- Born: Ronald Albert François April 1958 (age 68)
- Origin: England
- Genres: Rock; new wave; soul; funk;
- Occupations: Bass player; singer; songwriter; record producer;
- Instruments: Vocals; bass; guitar; keyboards; drums;
- Website: Point Studio

= Ron François =

British musician

Ronald Albert François (born April 1958) is a British musician, who first came to notice as the lead singer and bass player of the English R&B band The Strutters, which was involved in the London pub rock scene of the mid-1970s.

In 1978, he recorded the debut album Stateless with the Lene Lovich band, from which came the UK hit single "Lucky Number". He then toured with the Lene Lovich band on the Stiff Records "Be Stiff Route 78 Tour" of the UK and New York.
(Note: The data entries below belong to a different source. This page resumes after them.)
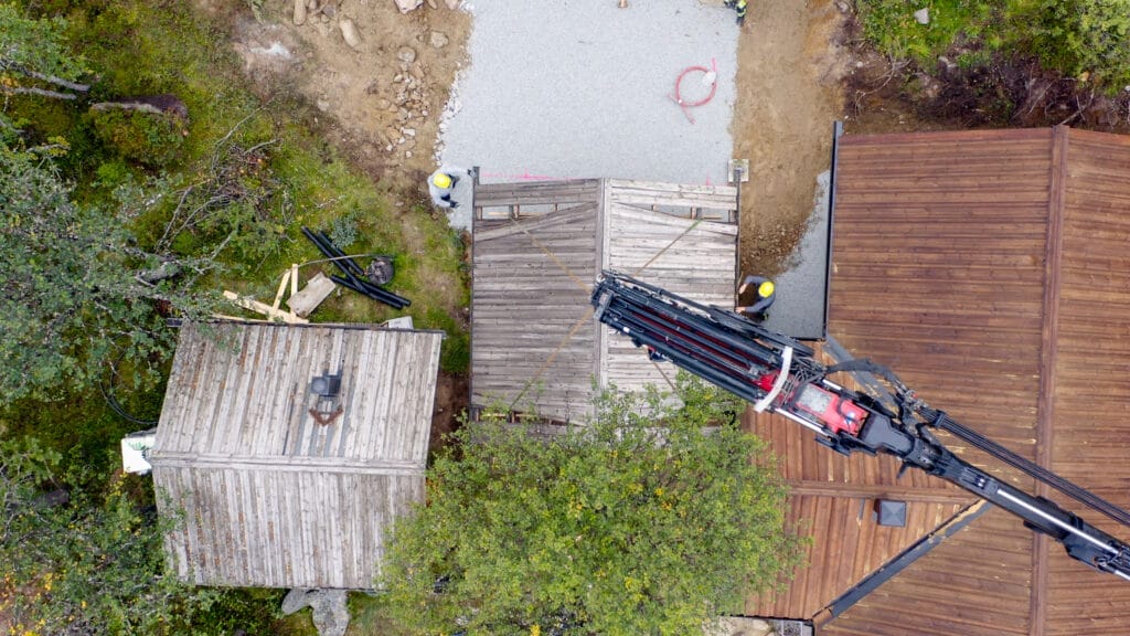 Mindre hus levert av Ålhytta er enkle å flytte. Husa står gjerne på pilarar eller sementblokkar som ligg rett på bakken. I hyttetunet vårt på Sangefjellet, kom uthuset svært tett på den ombygde hytta. I tillegg stod den litt for lågt i terrenget og var utsett for fukt frå vegetasjonen rundt. Med kran var det enkelt å flytte det elementbygde uthuset til nye fundament.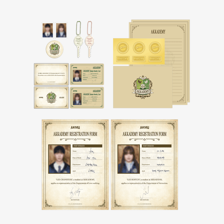 ID PHOTO : 2EA EMBLEM BADGE : 1EA KEY KEYRING : 2EA STUDENT IDENTITY CARD : 2EA LETTER PAPER : 2EA ENVELOPE : 1EA STICKER : 6EA REGISTRATION FORM : 2EA NOTIFICATION : 1EA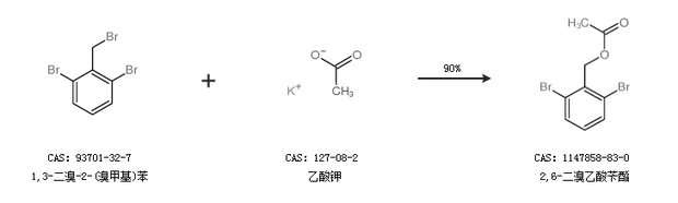 1.通過1,3-二溴-2-(溴甲基)苯和乙酸鉀合成2,6-二溴乙酸芐酯,收率約90%;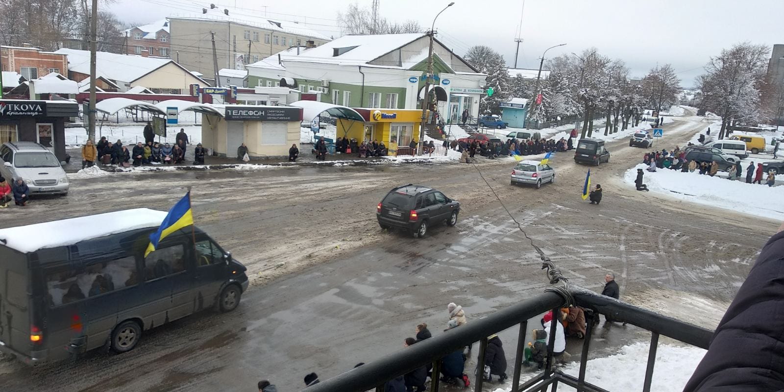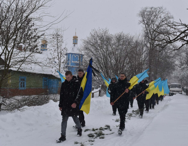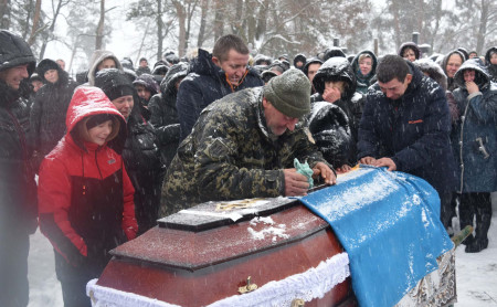 Снігопад безперервно намагався вкрити якомога густішою білою пеленою дорогу, якою сотні людей, одягнені в чорне, одночасно несли у зранених душах смуток та біль невиправної втрати. І лише кетяги калини із запашним сосновим гіллям, вистелені на шляху, кривавими барвами де-не-де пробивалися з-під покрову, а вгорі яскраво майоріли синьо-жовті стяги та букети квітів.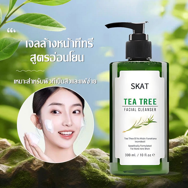 เจลล้างหน้าทีทรี สูตรอ่อนโยน 300ml ผลิตภัณฑ์ทำความสะอาดผิวหน้า Tea Tree Facial Cleanser(1471)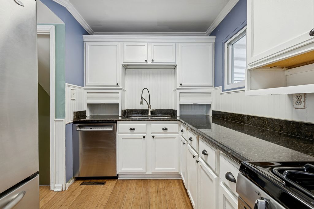 Beautifully 3 bedroom home with 2 full baths.Hardwood floors throughout home, crown molding, wainscoting and architectural arches...Newer roof (2022) on home, all stainless steel appliances stay, 2 car garage has a newer roof. Newer kitchen with white cabinets, granite counters and island. Beautiful park-like fenced yard with screened in patio. Lower level recreation room is beautifully tiled and has concrete crawl for storage and full finished utility/laundry room with full-size washer and dryer. The Furnace, Air Condoning and water heater are all less than 9 years old. Must see! So many extras! Quick close!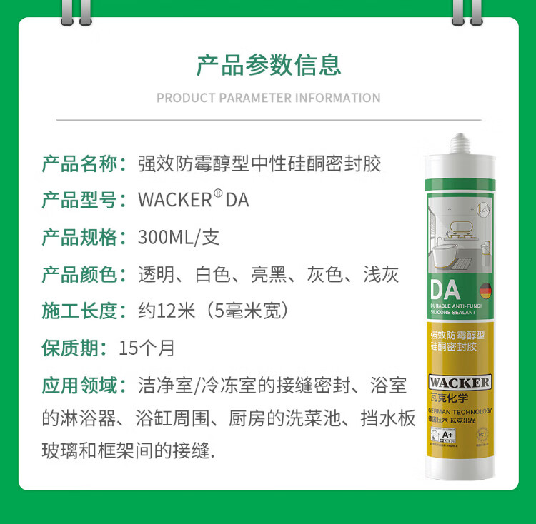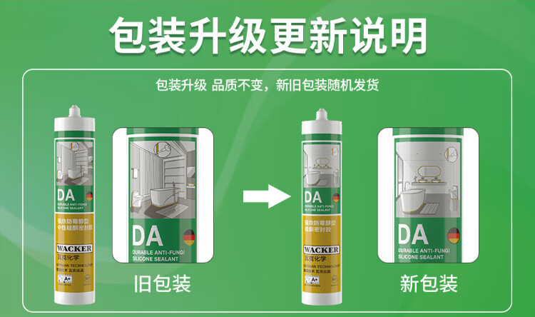 WACKER DA mildew-proof glass glue kitchen and bathroom special sealant waterproof beauty glue neutral toilet edge sealing silicone white 1 piece

From 1978 to 1981, François worked with ex-Strutters Mark Kjeldsen and Bobbi (Irwin) Trehern in the Sinceros, who made two albums for Epic Records, The Sound of Sunbathing and Pet Rock, and achieved moderate success before they disbanded in 1981.
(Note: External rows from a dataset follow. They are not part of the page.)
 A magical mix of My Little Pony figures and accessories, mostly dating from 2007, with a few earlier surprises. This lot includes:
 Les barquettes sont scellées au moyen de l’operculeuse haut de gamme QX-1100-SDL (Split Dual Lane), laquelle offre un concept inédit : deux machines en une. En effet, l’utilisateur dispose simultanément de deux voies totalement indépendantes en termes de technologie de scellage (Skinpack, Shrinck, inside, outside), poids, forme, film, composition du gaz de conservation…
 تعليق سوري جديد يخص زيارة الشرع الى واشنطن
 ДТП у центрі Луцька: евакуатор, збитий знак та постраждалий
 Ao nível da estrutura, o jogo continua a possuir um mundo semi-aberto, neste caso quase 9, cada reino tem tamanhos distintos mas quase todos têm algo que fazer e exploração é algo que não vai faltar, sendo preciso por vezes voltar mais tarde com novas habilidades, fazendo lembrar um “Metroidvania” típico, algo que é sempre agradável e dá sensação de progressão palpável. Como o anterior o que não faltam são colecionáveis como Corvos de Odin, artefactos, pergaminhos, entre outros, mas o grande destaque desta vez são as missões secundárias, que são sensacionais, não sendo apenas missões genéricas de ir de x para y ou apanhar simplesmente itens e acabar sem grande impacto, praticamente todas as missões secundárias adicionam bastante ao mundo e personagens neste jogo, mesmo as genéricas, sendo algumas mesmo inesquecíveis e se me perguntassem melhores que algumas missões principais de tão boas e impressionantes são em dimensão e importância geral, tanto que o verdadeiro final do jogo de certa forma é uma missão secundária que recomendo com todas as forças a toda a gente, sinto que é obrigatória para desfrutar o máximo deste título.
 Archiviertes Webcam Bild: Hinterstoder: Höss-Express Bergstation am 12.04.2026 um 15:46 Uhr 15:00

François continued playing sessions while remaining with Epic Records, releasing a solo single, "If You Love Me", before joining the Teardrop Explodes for their Wilder album tour of the UK, Europe, Australia and the US. He also played on the 1984 Julian Cope solo album World Shut Your Mouth.

In 1984, François played bass guitar on the album This Island with Eurogliders. Produced by Nigel Gray in his Oxfordshire studio, the album included the top ten single "Heaven (Must Be There)". François left the UK to live and work in Australia. He played bass and synthesizer on the Eurogliders next LP, Absolutely. The album was in the charts for 47 weeks and spawned three Australian top ten singles, including "The City of Soul" which featured François' trademark funky bass techniques.
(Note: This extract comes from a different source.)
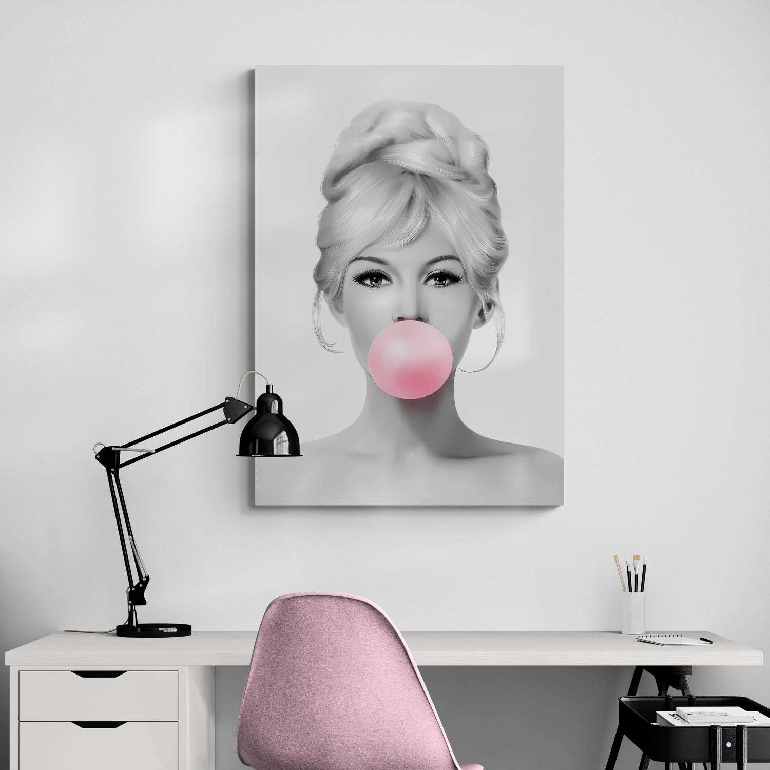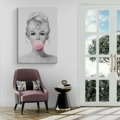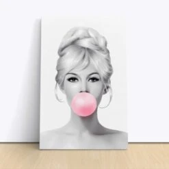 Infuse a touch of classic Hollywood charm into your living space with the Brigitte Bardot Bubble Gum Pop Art Canvas Print. This captivating wall artwork beautifully captures the enchantment of the iconic film star, Brigitte Bardot, presented in a lively and colorful bubble gum design. Ideal for aficionados of cinema and fashion alike, this piece promises to enhance your interior aesthetics and spark engaging conversations.

Parting company with Eurogliders in 1987, François formed the power pop trio Panic Poets, who released the independent single "Let's Go" in Australia in 1988, gaining good airplay.

In recent years, François has collaborated on several albums with West Australian percussionist Murray Campbell, as part of Campbell's Beatworld project. Now living in New South Wales, François is still very much involved in songwriting and production with local artists at his recording studio (Point Studio) on the Central Coast.